(Data excerpts)

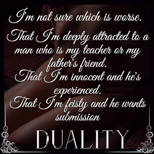 Duality is a story that has everything I love in a taboo romance. It has age gap, teacher-student, BDSM, bullying and a secret society and I just couldn't put it down.
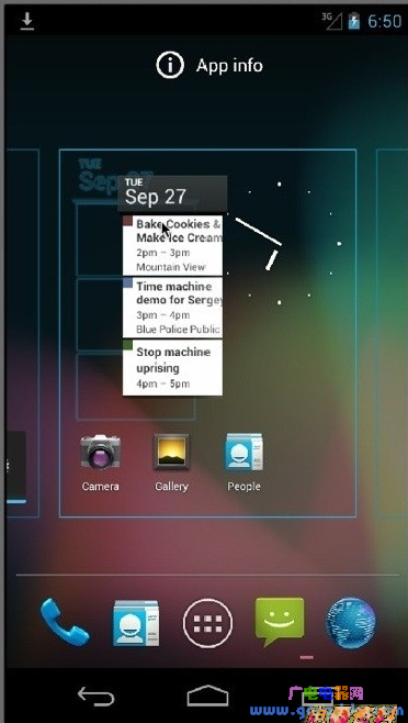 Android:Android系统的应用列表也一直没什么改变,但是幸好,Android的主界面上可以安放各种各样的插件,用户可以按照自己的喜好随意摆放,只要应用得当,用户几乎在主界面上完成所有的信息获得和反馈。在果冻豆中,Google在主界面上加入了图标自动排列功能,可以更好地利用桌面空间。
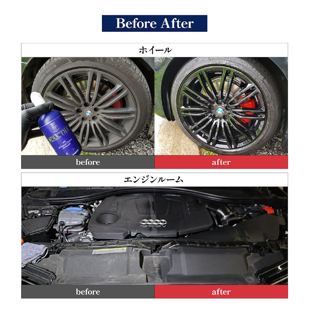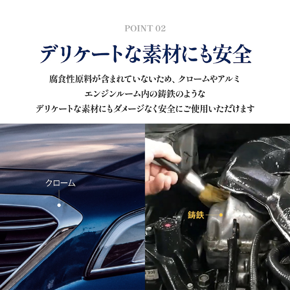 腐食性原料が含まれていないため、クローム、アルミ、エンジンルーム内の鋳鉄などのデリケートな素材にもご使用頂けます。
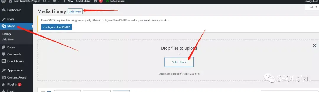 点击网站后台右上角的“Media”,再点击右侧的“Add New”上传我们刚开始准备好的两张二维码。(你可以选择右击Media来新开一个页面,这样方便我们之后上传素材
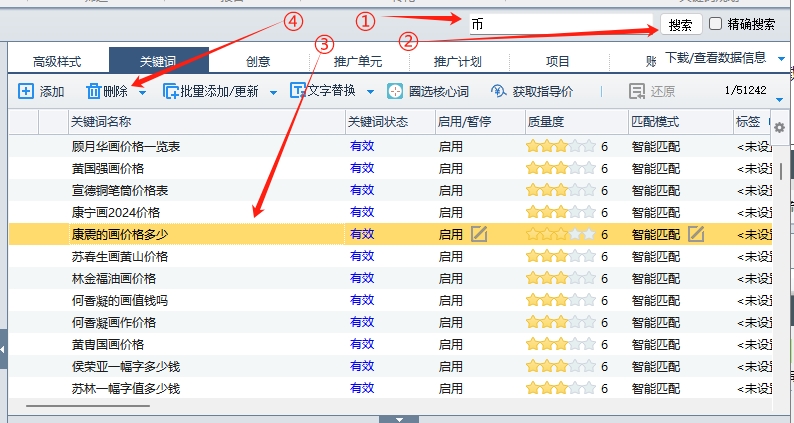 如下图①处搜索需要删的关键词,如想去掉钱币的词,输入“币”,点搜索,如下图②处,选择想要删的词,黄色为选中的,点击如下图④处删除

(End Data excerpts)

*What to produce*: Would you copy each line above exactly as given, dropping any images?

*The answer*:
 Duality is a story that has everything I love in a taboo romance. It has age gap, teacher-student, BDSM, bullying and a secret society and I just couldn't put it down.
 Android:Android系统的应用列表也一直没什么改变,但是幸好,Android的主界面上可以安放各种各样的插件,用户可以按照自己的喜好随意摆放,只要应用得当,用户几乎在主界面上完成所有的信息获得和反馈。在果冻豆中,Google在主界面上加入了图标自动排列功能,可以更好地利用桌面空间。
 腐食性原料が含まれていないため、クローム、アルミ、エンジンルーム内の鋳鉄などのデリケートな素材にもご使用頂けます。
 点击网站后台右上角的“Media”,再点击右侧的“Add New”上传我们刚开始准备好的两张二维码。(你可以选择右击Media来新开一个页面,这样方便我们之后上传素材
 如下图①处搜索需要删的关键词,如想去掉钱币的词,输入“币”,点搜索,如下图②处,选择想要删的词,黄色为选中的,点击如下图④处删除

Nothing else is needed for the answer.